Exercise objective: Give the records below again exactly, and exclude each picture.

Extracted data entries:
···

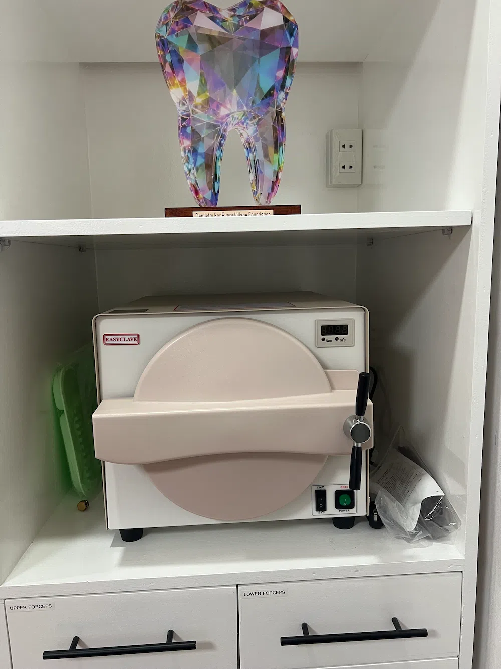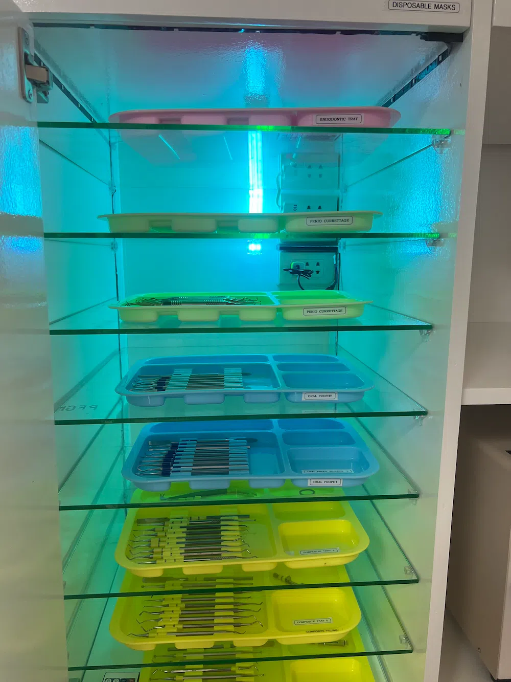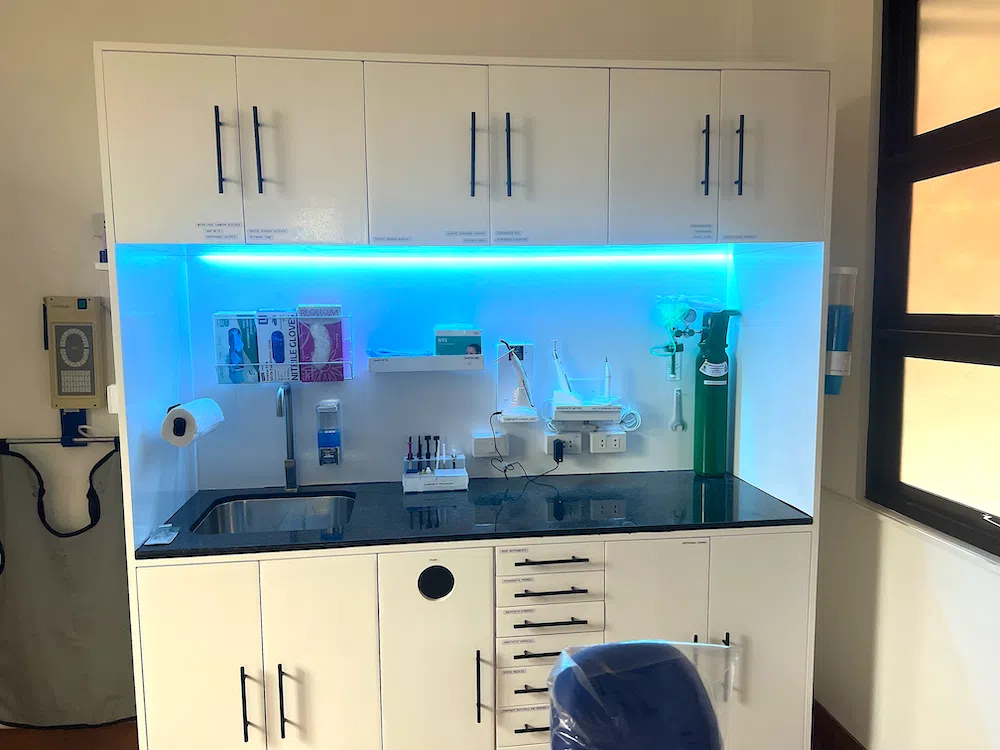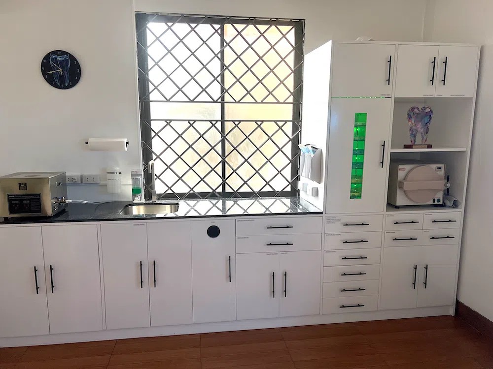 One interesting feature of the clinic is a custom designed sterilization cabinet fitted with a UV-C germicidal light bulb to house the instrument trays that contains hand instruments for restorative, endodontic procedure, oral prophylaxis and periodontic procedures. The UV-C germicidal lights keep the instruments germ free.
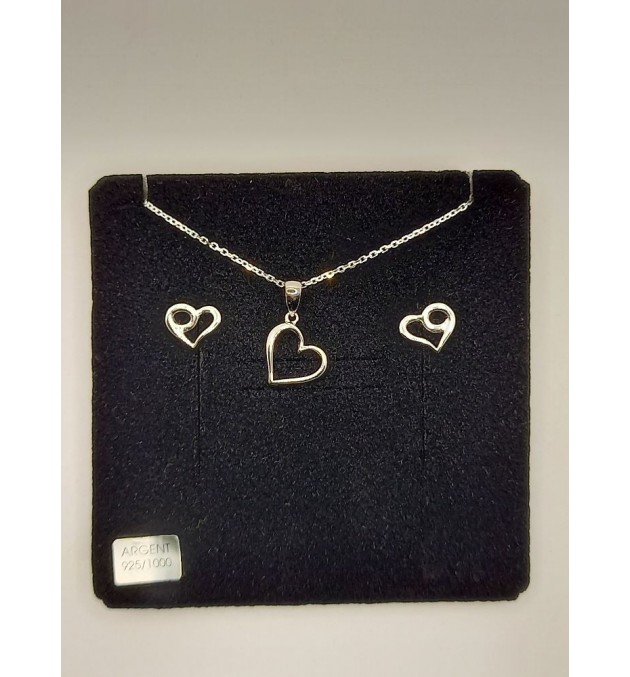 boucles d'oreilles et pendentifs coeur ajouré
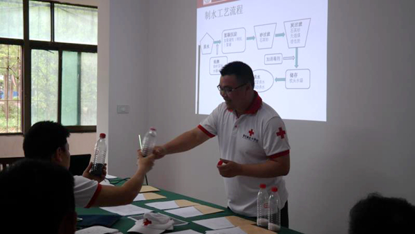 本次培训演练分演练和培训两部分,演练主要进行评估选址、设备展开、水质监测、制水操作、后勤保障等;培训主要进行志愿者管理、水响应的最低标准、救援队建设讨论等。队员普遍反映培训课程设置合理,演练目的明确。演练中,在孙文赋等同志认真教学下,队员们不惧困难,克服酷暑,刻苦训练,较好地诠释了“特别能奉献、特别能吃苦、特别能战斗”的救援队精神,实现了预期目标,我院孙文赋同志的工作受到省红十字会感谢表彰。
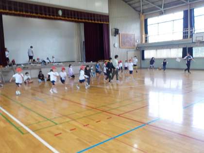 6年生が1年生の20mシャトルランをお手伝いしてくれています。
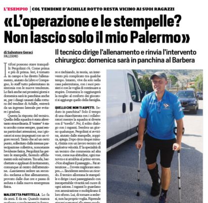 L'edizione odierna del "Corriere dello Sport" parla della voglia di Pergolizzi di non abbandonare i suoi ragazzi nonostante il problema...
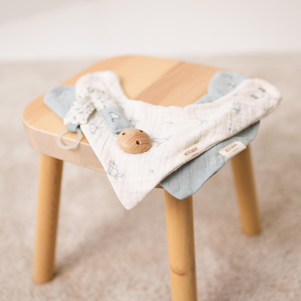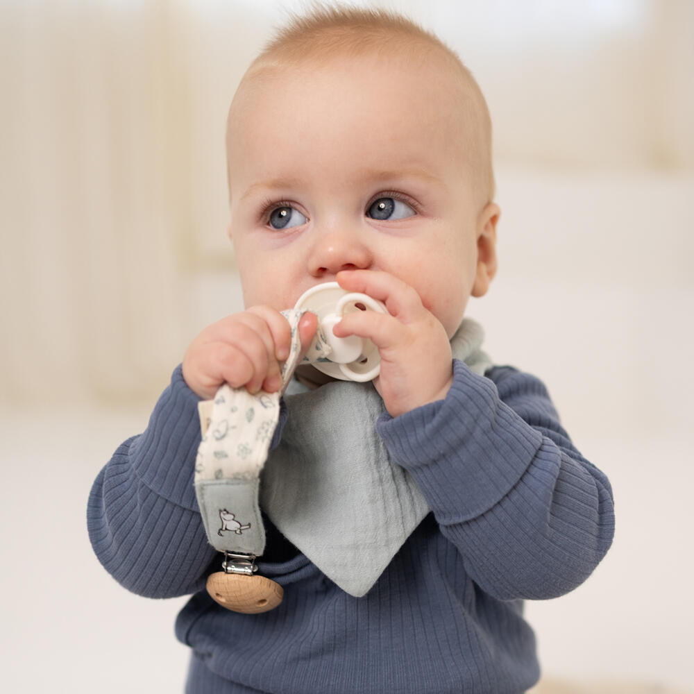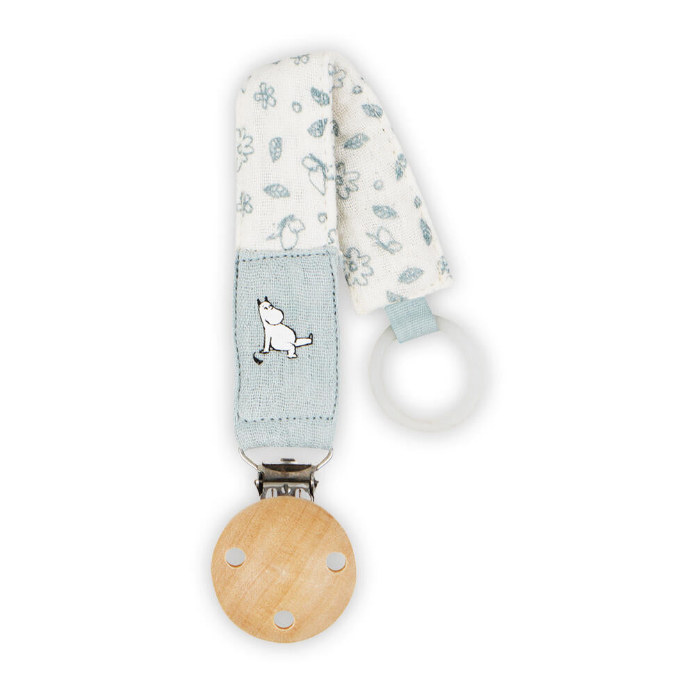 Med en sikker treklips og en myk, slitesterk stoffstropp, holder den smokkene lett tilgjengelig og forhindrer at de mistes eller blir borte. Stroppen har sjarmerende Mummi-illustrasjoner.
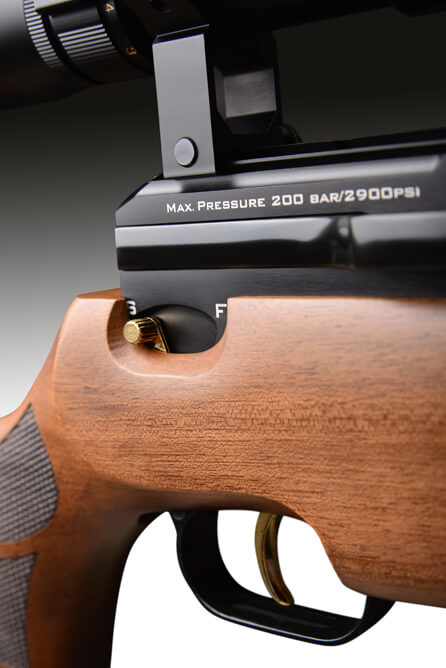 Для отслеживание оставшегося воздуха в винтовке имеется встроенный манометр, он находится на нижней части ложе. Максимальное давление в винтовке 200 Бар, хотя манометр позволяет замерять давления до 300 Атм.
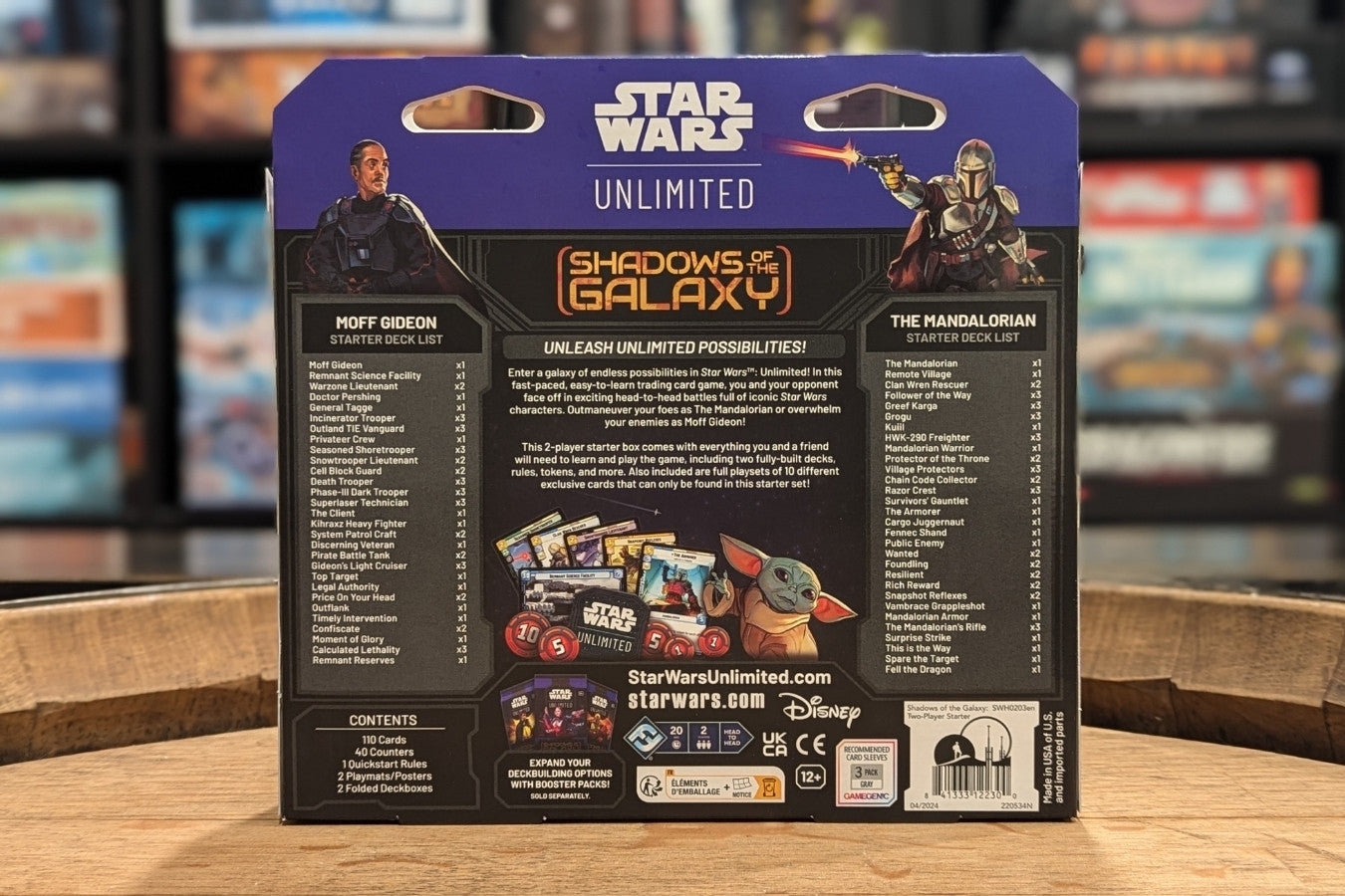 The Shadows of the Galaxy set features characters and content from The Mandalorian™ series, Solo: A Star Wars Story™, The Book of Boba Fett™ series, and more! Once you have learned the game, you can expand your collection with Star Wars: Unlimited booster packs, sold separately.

···

Answer space:
 One interesting feature of the clinic is a custom designed sterilization cabinet fitted with a UV-C germicidal light bulb to house the instrument trays that contains hand instruments for restorative, endodontic procedure, oral prophylaxis and periodontic procedures. The UV-C germicidal lights keep the instruments germ free.
 boucles d'oreilles et pendentifs coeur ajouré
 本次培训演练分演练和培训两部分,演练主要进行评估选址、设备展开、水质监测、制水操作、后勤保障等;培训主要进行志愿者管理、水响应的最低标准、救援队建设讨论等。队员普遍反映培训课程设置合理,演练目的明确。演练中,在孙文赋等同志认真教学下,队员们不惧困难,克服酷暑,刻苦训练,较好地诠释了“特别能奉献、特别能吃苦、特别能战斗”的救援队精神,实现了预期目标,我院孙文赋同志的工作受到省红十字会感谢表彰。
 6年生が1年生の20mシャトルランをお手伝いしてくれています。
 L'edizione odierna del "Corriere dello Sport" parla della voglia di Pergolizzi di non abbandonare i suoi ragazzi nonostante il problema...
 Med en sikker treklips og en myk, slitesterk stoffstropp, holder den smokkene lett tilgjengelig og forhindrer at de mistes eller blir borte. Stroppen har sjarmerende Mummi-illustrasjoner.
 Для отслеживание оставшегося воздуха в винтовке имеется встроенный манометр, он находится на нижней части ложе. Максимальное давление в винтовке 200 Бар, хотя манометр позволяет замерять давления до 300 Атм.
 The Shadows of the Galaxy set features characters and content from The Mandalorian™ series, Solo: A Star Wars Story™, The Book of Boba Fett™ series, and more! Once you have learned the game, you can expand your collection with Star Wars: Unlimited booster packs, sold separately.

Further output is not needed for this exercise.